Gilly tore his apprehensive gaze from them, focused on Maledicte’s acid voice. “Didn’t you have better things to do than listen to a Relicts rat?”

“I had what I needed by then,” Gilly said. He took the candle back from Maledicte and settled it firmly beside him once more, wondering what kept the dream still so close. His own fear? Or Maledicte’s presence?

“Which was—?” Maledicte drawled. “So far I’ve not learned what secret was so powerful.”

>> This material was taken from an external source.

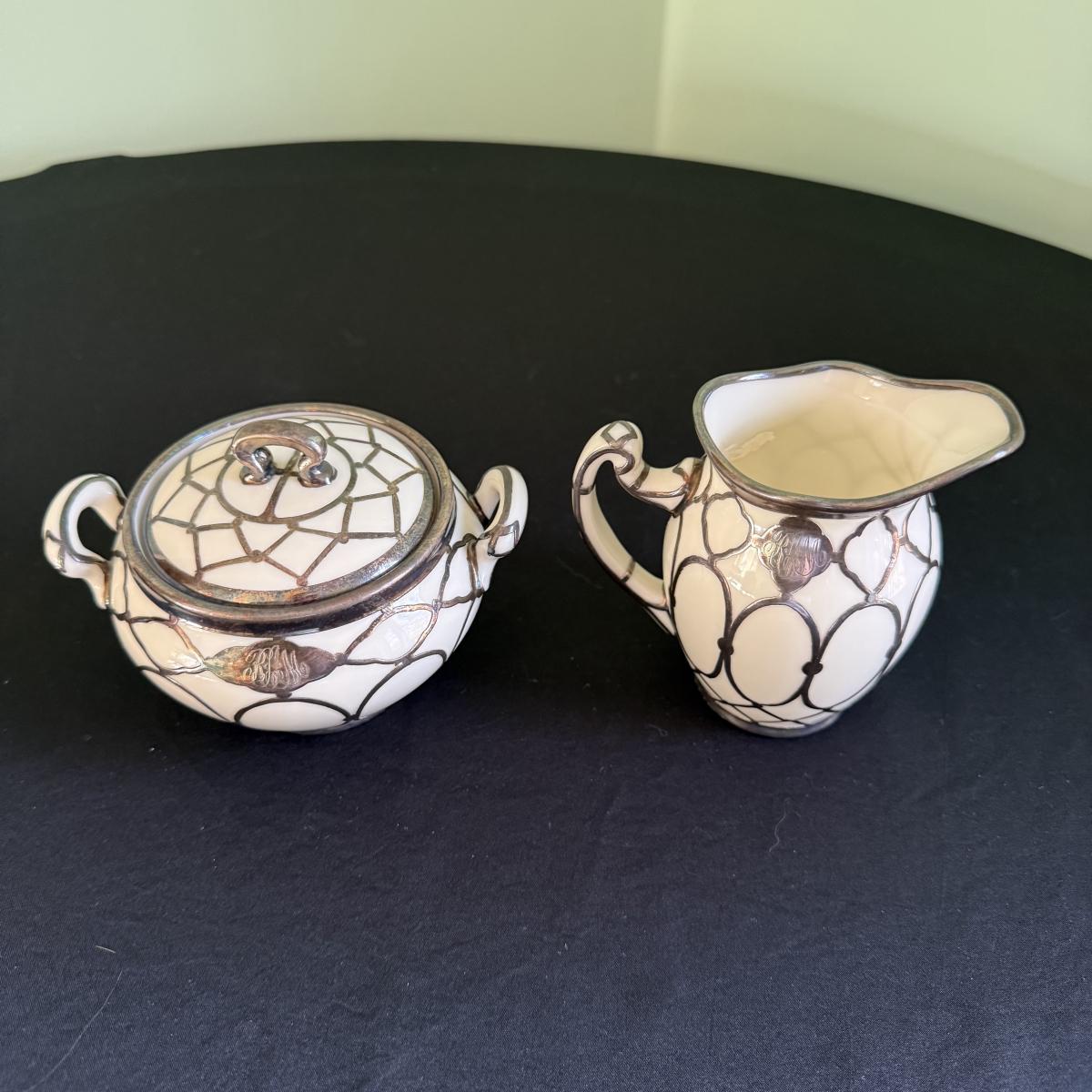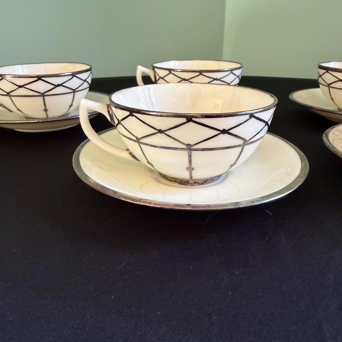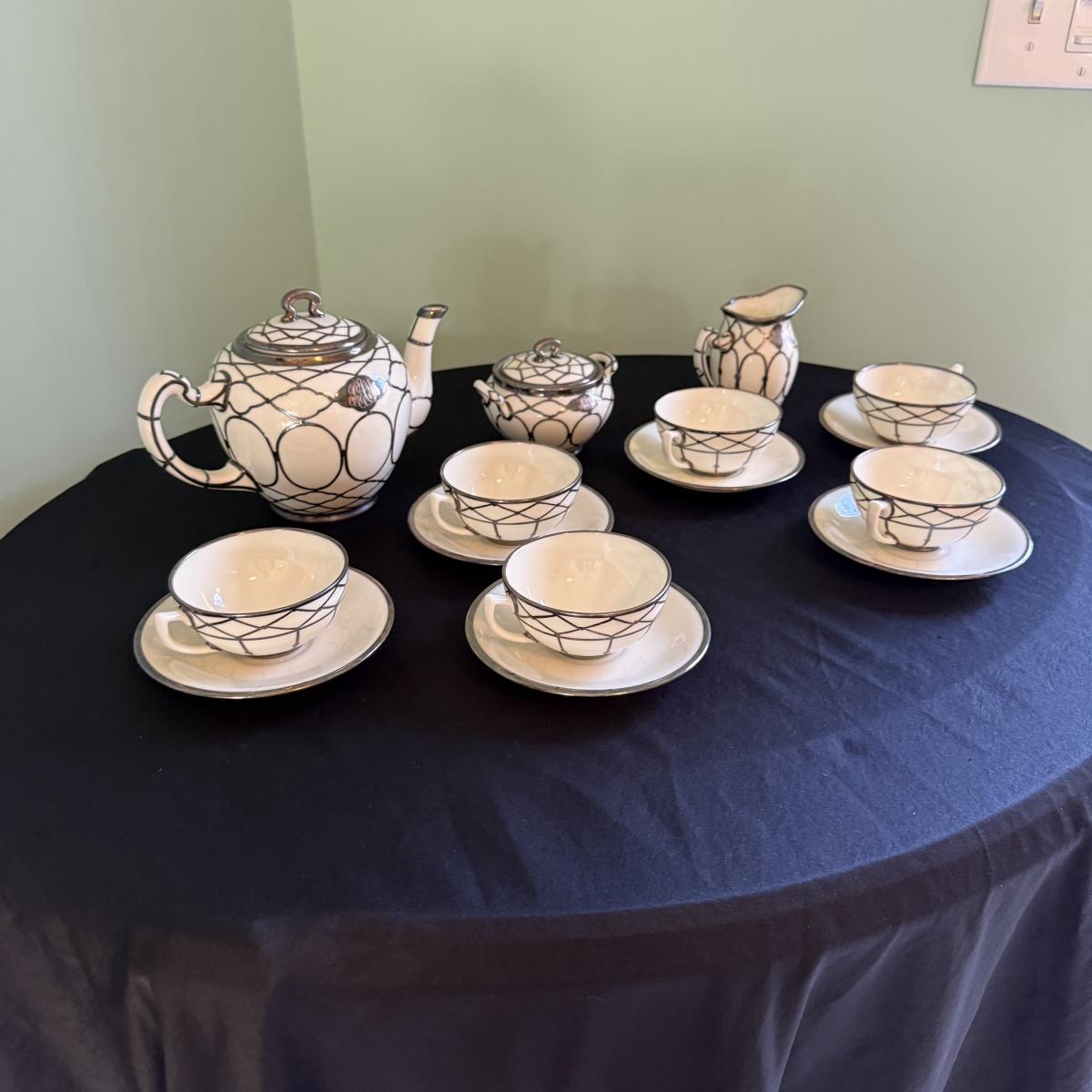 This lot contains a gorgeous ornate Lenox tea set with what appears to be a silver plated overlay. This tea set includes a tea pot, creamer, sugar bowl with lid, and six tea cups and saucers. The teapot, creamer and sugar bowl all have small monograms on them, see pictures for details. The teapot has a ceramic interior infuser and the inside of the lip has been chipped, see pictures for details. It measures 9” x 4” x 4.75”H. The saucers measure 5.25”D and the teacups measures and the cup measure 3.5”D x 1.75”H. Included is a picture of receipt when the set was originally purchased. Shipping available.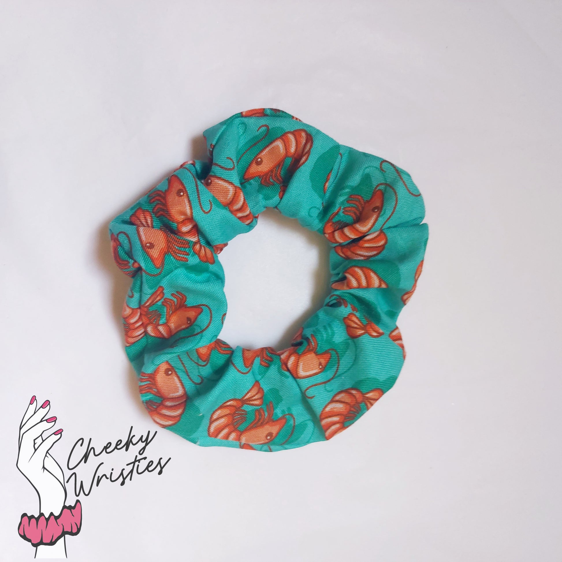 A soft yet durable Prawns / Shrimp cutie Scrunchie.

“An indiscreet letter from the Marquis DeGuerre to his sister,” Gilly said. “Not a counselor himself, but a counselor’s nephew. It sufficed.”

“You played housebreaker?” Maledicte asked. “I cannot imagine you doing so. You’re rather too big.”

“I hired Livia away from DeGuerre,” Gilly admitted. “She pilfered the letter as she left his employ.”

“Very clever,” Maledicte said, his tone mocking. “But Gilly, don’t you think Vornatti’s household is rather full of riffraff by now? The old profligate himself, his pet blackmailer, a thieving maidservant—”

“And a stripling killer,” Gilly said. He had meant the words to be a gentle tease, but with Ani’s presence lingering in his mind, the words came out like a taunt.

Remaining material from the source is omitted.